Multicoin managing partners Kyle Samani and Tushar Jain stated: “We put entirely too much trust in our relationship with FTX. We had too many assets on FTX.” In light of Multicoin’s July announcement of a $430 million fund, this is a devastating setback. About one-quarter of the company’s assets were recovered last week when the FTX collapsed. Even yet, the firm still has approximately 15% of its assets on FTX.

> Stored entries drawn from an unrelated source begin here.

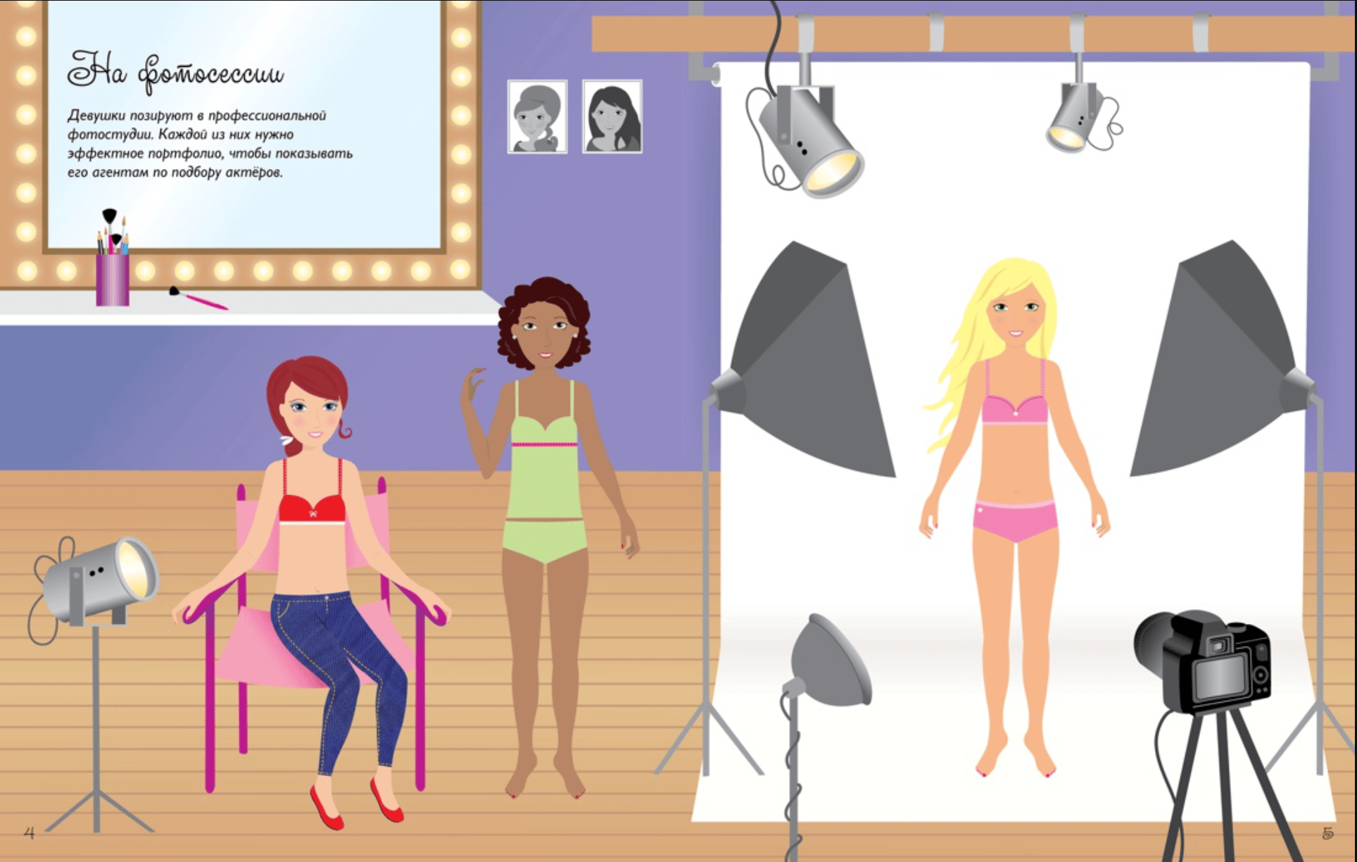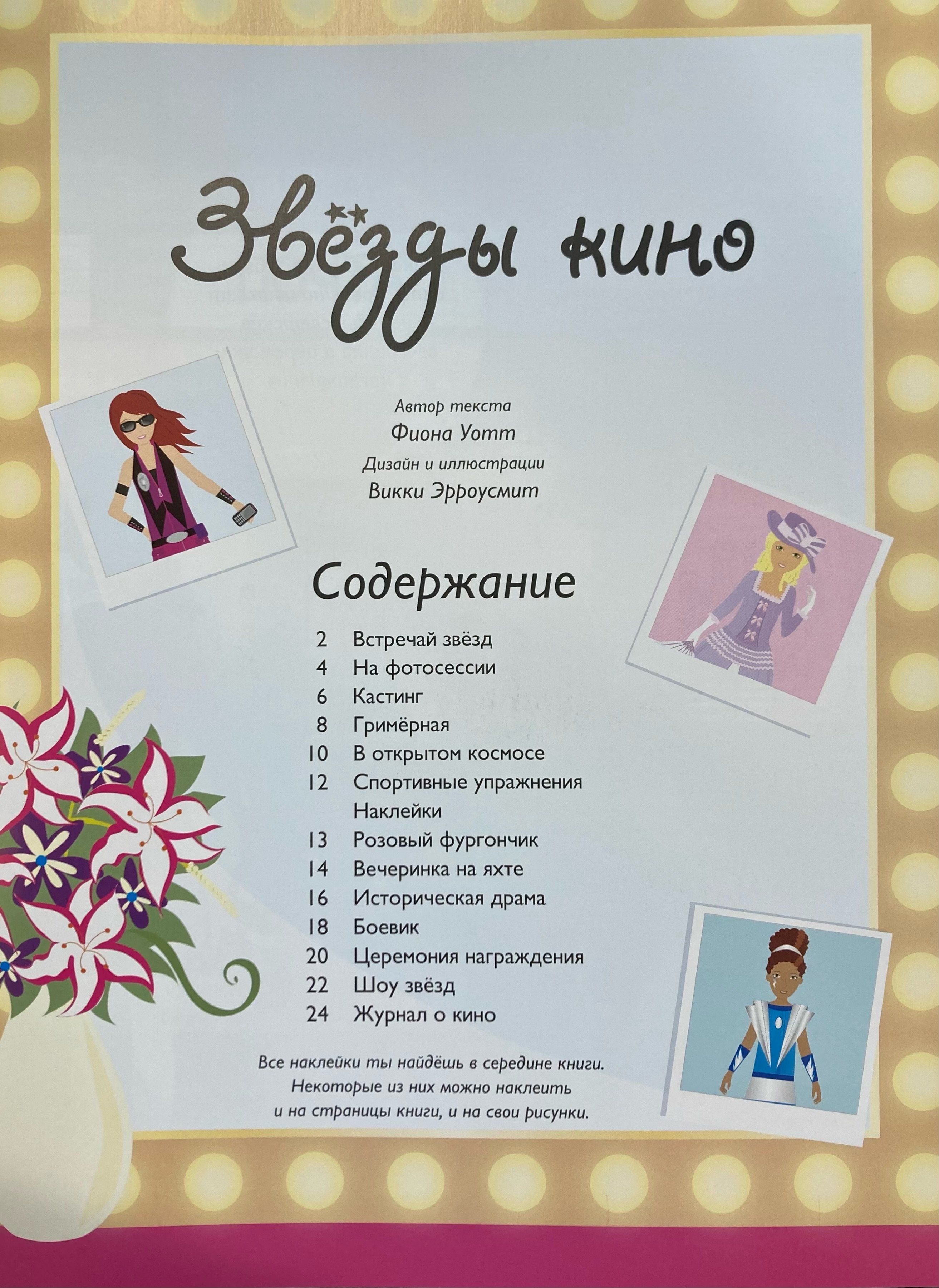 Ты мечтаешь познакомиться cо звёздами кино и узнать, как они живут? В этой книжке ты заглянешь в гримёрную, побываешь на съёмках фантастического фильма, исторической драмы и боевика. С помощью ярких наклеек одень актрис для съёмок и церемонии награждения.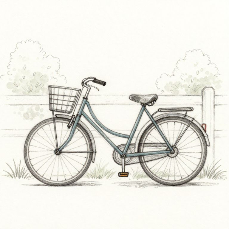 Easy art sketch of a vintage bicycle leaning against a fence, rough pencil outlines, simplified spokes and basket detail, subtle nature elements in background with bushes and grass, light and airy composition, perfect for beginner art practice.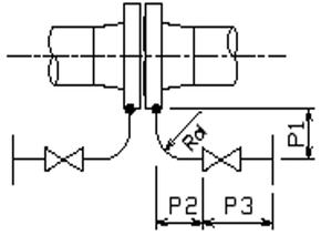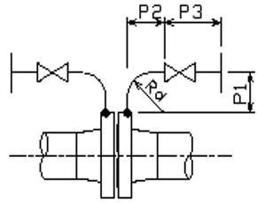 直付け処理が実行されるので、例えば仕切弁が母管表面+P1の位置に配置されるとは限りません。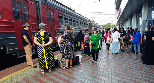 Корреспондент "Кавказского узла" побывал 2 августа на железнодорожном вокзале Махачкалы, перед отправлением последней электрички в Дербент, следующей по расписанию в 17.43 мск. На перроне в ожидании электрички находилось около 200 человек. Электропоезд состоял из 4 вагонов стандартной комплектации. Посадка пассажиров началась примерно за 15 минут до отхода поезда. Давки и конфликтов во время посадки людей не было. В вагонах всем хватило сидячих мест, передает корреспондент «Кавказского узла».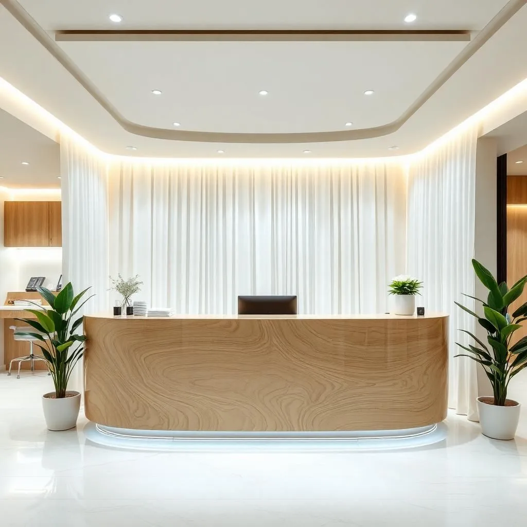 Sử dụng đường nét vuông vức, gọn gàng, gam màu trung tính (trắng, be, nâu gỗ sáng) kết hợp đèn LED ẩn, tạo nên vẻ thanh lịch và sang trọng – rất phù hợp cho spa hoặc văn phòng trẻ trung.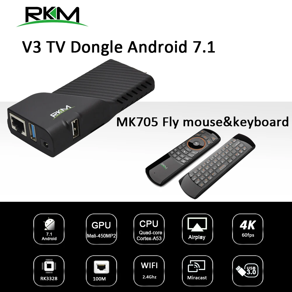 Android 7.1 TV BOXRK3328 Rockchip 2 Гб 16 Гб 2,4G WIFI 100 м --- медиаплеер и мышь fly RKM V3 + MK705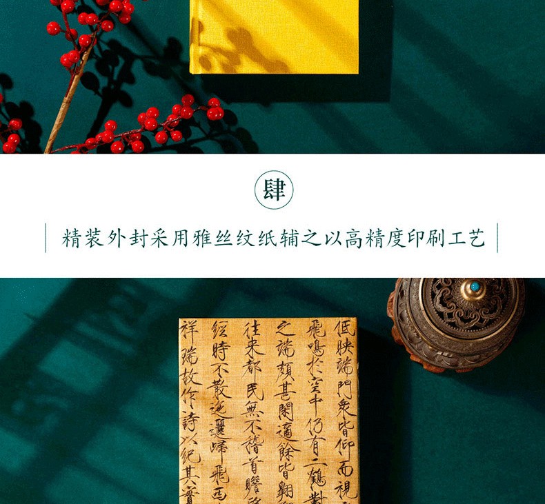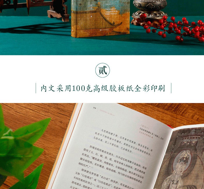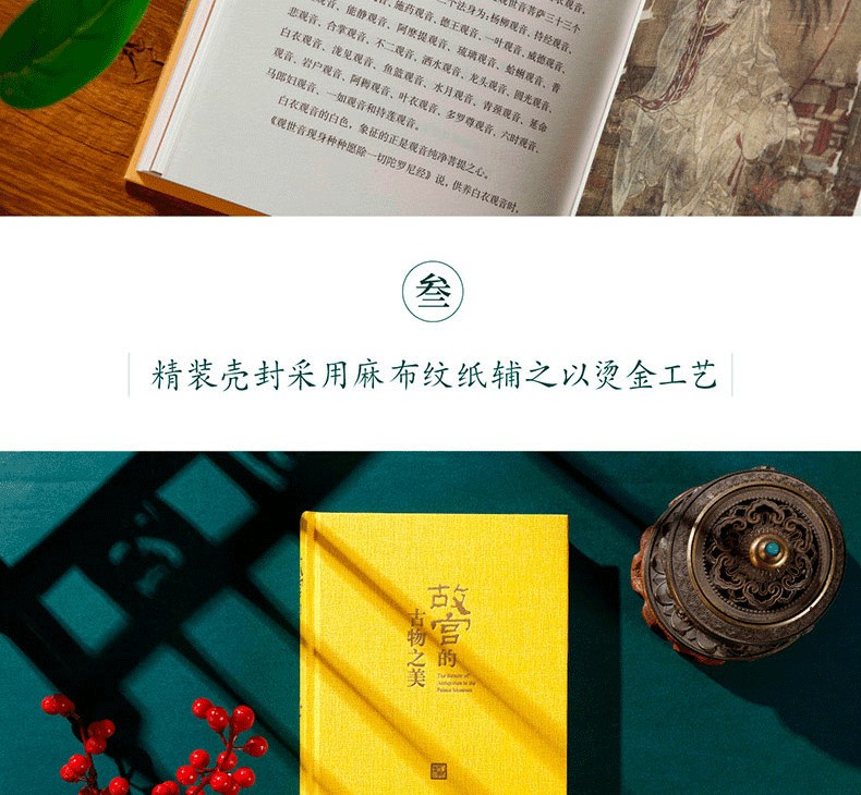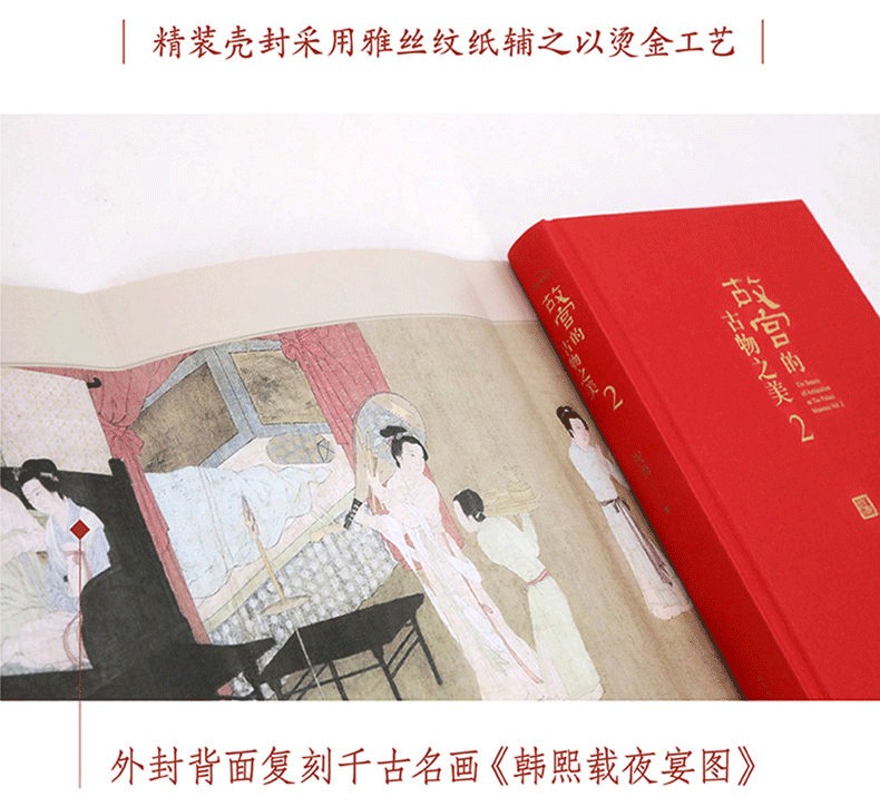 全書收錄故宮及海內外博物館近百幅高清詳圖,內文采用超感紙四色印刷,精裝殼封採用麻布紋紙輔之以燙金工藝,精裝外封採用雅絲紋紙輔之以高精度印刷工藝,做工精良。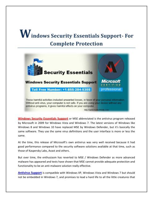 What is Microsoft Security Essentials? Why is Microsoft Security Essentials no longer available? Windows 7 is no longer supported and availability of new installations of Microsoft Security ... Microsoft Security Essentials Download for Free - 2022 Latest ... Microsoft Security Essentials (MSE) is a free antivirus program from Microsoft. It provides real-time protection against different types of harmful software, including computer viruses, spyware, rootkits, and trojan horses.

All of Multicoin Capital’s assets were split between Binance, FTX, and Coinbase. The whole remaining crypto venture fund portfolio is now held either in self-custody or on Coinbase. 

According to the firm:

“At present, the fund has no assets exposed to any other counterparties. In the future, we anticipate some diversification of custodial exposure – with Coinbase expected to remain our primary custodian – and will resume trading with other counterparties as we continue to assess the present market fallout.”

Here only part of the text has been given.